In [2]:
from tensorflow.keras.optimizers import Optimizer
import tensorflow as tf

In [11]:
print(tf.__version__)

2.1.0


In [126]:
class AccumOptimizer(Optimizer):
    """
    tf api 实现原作者梯度累计
    继承Optimizer类，包装原有优化器，实现梯度累积。
    # 参数
        optimizer：优化器实例，支持目前所有的keras优化器；
        steps_per_update：累积的步数。
    # 返回
        一个新的keras优化器
    """
    #需要name属性
    def __init__(self,optimizer,steps_per_update=1,**kwargs):
        self.name=kwargs['name']
        super(AccumOptimizer,self).__init__(**kwargs)
        self.optimizer=optimizer
        with tf.name_scope(self.__class__.__name__):
            self.steps_per_update=steps_per_update
            self.iterations=tf.Variable(0,dtype='int64',name='iterations')
            self.cond=tf.equal(self.iterations%self.steps_per_update,0)
            self.lr=self.optimizer.lr
            self.optimizer.lr=tf.cond(self.cond,lambda:self.optimizer.lr.value(), lambda:0.)
            for attr in ['momentum', 'rho', 'beta_1', 'beta_2']:
                if hasattr(self.optimizer,attr):
                    #保存操作
                    value=getattr(self.optimizer,attr)
                    setattr(self, attr, value)
                    setattr(self.optimizer, attr, tf.cond(self.cond, lambda:value.value(), lambda:1 - 1e-7))
            for attr in self.optimizer.get_config():
                print(attr)
                if not hasattr(self, attr):
                    value = getattr(self.optimizer, attr)
                    setattr(self, attr, value)
            #必加属性 debug起来好难鸭
            self._create_slots=self.optimizer._create_slots
            self._resource_apply_dense=self.optimizer._resource_apply_dense
            # 覆盖原有的获取梯度方法，指向累积梯度
            
            def get_gradients(loss,params):
                return [ag / self.steps_per_update for ag in self.accum_grads]
            self.optimizer.get_gradients = get_gradients
    def get_updates(self,loss,params):
        self.iterations=tf.add(self.iterations, 1)
        self.optimizer.iterations=tf.add(self.optimizer.iterations, tf.cast(self.cond, 'int64'))
        self.updates=[
            self.iterations,
            self.optimizer.iterations
        ]
        # 累积梯度 (gradient accumulation)
        self.accum_grads = [tf.zeros(p.shape,dtype=p.dtype) for p in params]
        grads = self.get_gradients(loss, params)
                                     
        for g, ag in zip(grads, self.accum_grads):
            self.updates.append(ag=tf.cond(self.cond,lambda:g,lambda:ag+g))
        
        # 继承optimizer的更新 (inheriting updates of original optimizer)
        self.updates.extend(self.optimizer.get_updates(loss, params)[1:])
        self.weights.extend(self.optimizer.weights)
        return self.updates     
    
    def get_config(self):
        iterations = self.iterations.numpy()
        self.iterations=0
        config = self.optimizer.get_config()
        self.iterations=iterations
        return config

In [None]:
c.optimizer._resource_apply_dense

In [65]:

from tensorflow.keras.datasets import mnist
from tensorflow.keras.models import Sequential
from tensorflow.keras.layers import Dense, Dropout
from tensorflow.keras.optimizers import Adam

In [130]:
batch_size = 128
num_classes = 10
epochs = 1

# the data, split between train and test sets
(x_train, y_train), (x_test, y_test) = mnist.load_data()
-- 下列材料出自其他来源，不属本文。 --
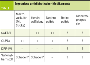 SGLT2-Inhibitoren senken HbA1c, das Körper­gewicht (80–100 g Glucose sind ca. 300 bis 400 Kal/Tag) sowie den Blutdruck. Es entstehen keine Hypoglykämien und alle Kombinationen sind möglich.

x_train = x_train.reshape(60000, 784)
x_test = x_test.reshape(10000, 784)
x_train = x_train.astype('float32')
x_test = x_test.astype('float32')
x_train /= 255
x_test /= 255
print(x_train.shape[0], 'train samples')
print(x_test.shape[0], 'test samples')

# convert class vectors to binary class matrices
y_train = keras.utils.to_categorical(y_train, num_classes)
y_test = keras.utils.to_categorical(y_test, num_classes)

model = Sequential()
model.add(Dense(512, activation='relu', input_shape=(784,)))
model.add(Dropout(0.2))
model.add(Dense(512, activation='relu'))
model.add(Dropout(0.2))
model.add(Dense(num_classes, activation='softmax'))

model.summary()

model.compile(loss='categorical_crossentropy',
              optimizer=AccumOptimizer(Adam(), steps_per_update=100,name="ag_adam"), # equals batch_size=100
              #optimizer=Adam(),
              #optimizer=b,
              metrics=['accuracy'])

history = model.fit(x_train, y_train,
                    batch_size=1,
                    epochs=epochs,
                    verbose=1,
                    validation_data=(x_test, y_test))
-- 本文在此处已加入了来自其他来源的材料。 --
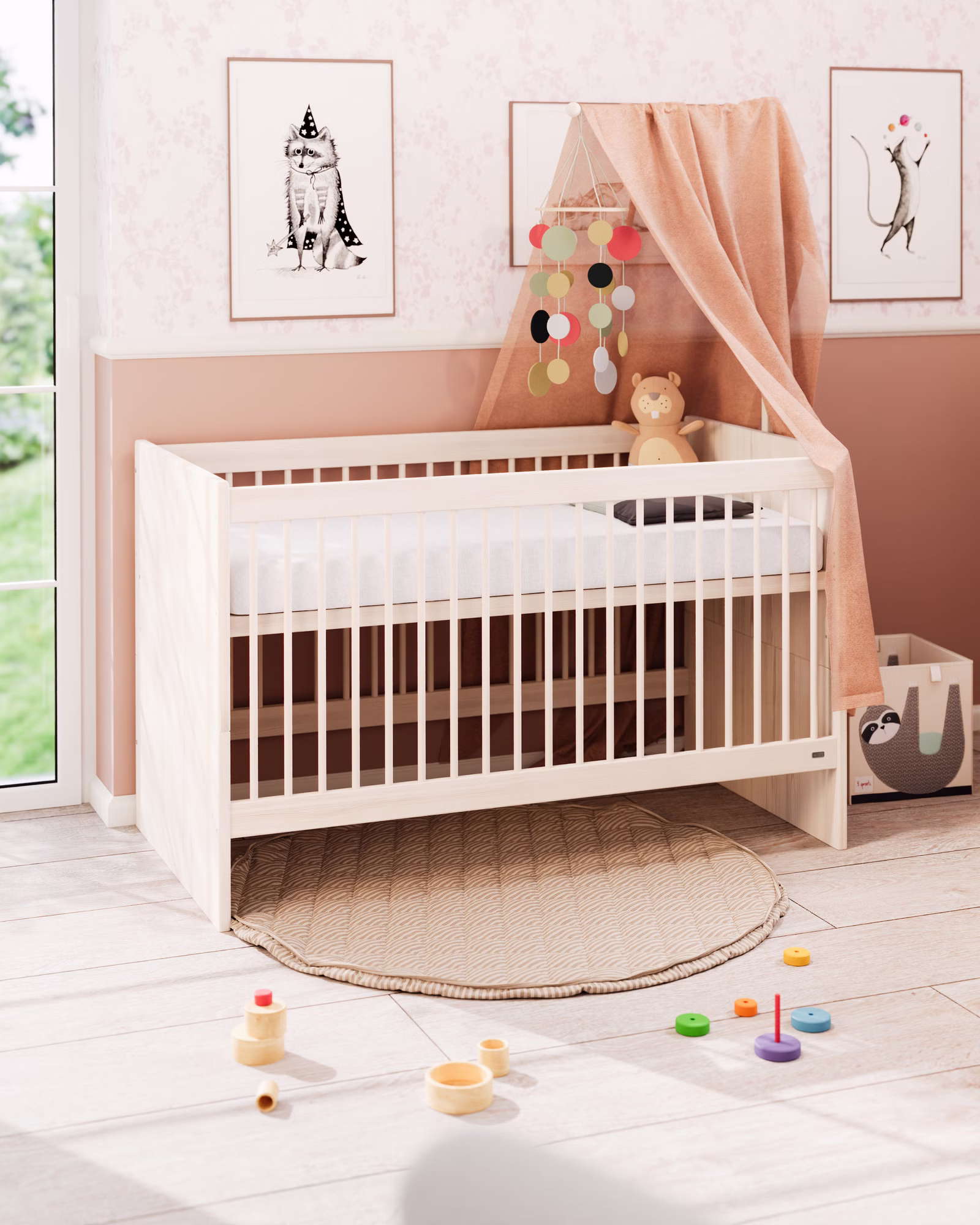 - Umbaumöglichkeit zum vollwertigen Kinderbett dank mitgelieferter Bettseiten. So wächst Lina als nachhaltiges Möbelstück lange mit.

score = model.evaluate(x_test, y_test, verbose=0)
print('Test loss:', score[0])
print('Test accuracy:', score[1])


60000 train samples
10000 test samples
Model: "sequential_12"
_________________________________________________________________
Layer (type)                 Output Shape              Param #   
dense_36 (Dense)             (None, 512)               401920    
_________________________________________________________________
dropout_24 (Dropout)         (None, 512)               0         
_________________________________________________________________
dense_37 (Dense)             (None, 512)               262656    
_________________________________________________________________
dropout_25 (Dropout)         (None, 512)               0         
_________________________________________________________________
dense_38 (Dense)             (None, 10)                5130      
Total params: 669,706
Trainable params: 669,706
Non-trainable params: 0
_________________________________________________________________
name
learning_rate
decay
beta_1
beta_2
epsilon
amsgrad
Train on 60000 samp

In [129]:
batch_size = 128
num_classes = 10
epochs = 1

# the data, split between train and test sets
(x_train, y_train), (x_test, y_test) = mnist.load_data()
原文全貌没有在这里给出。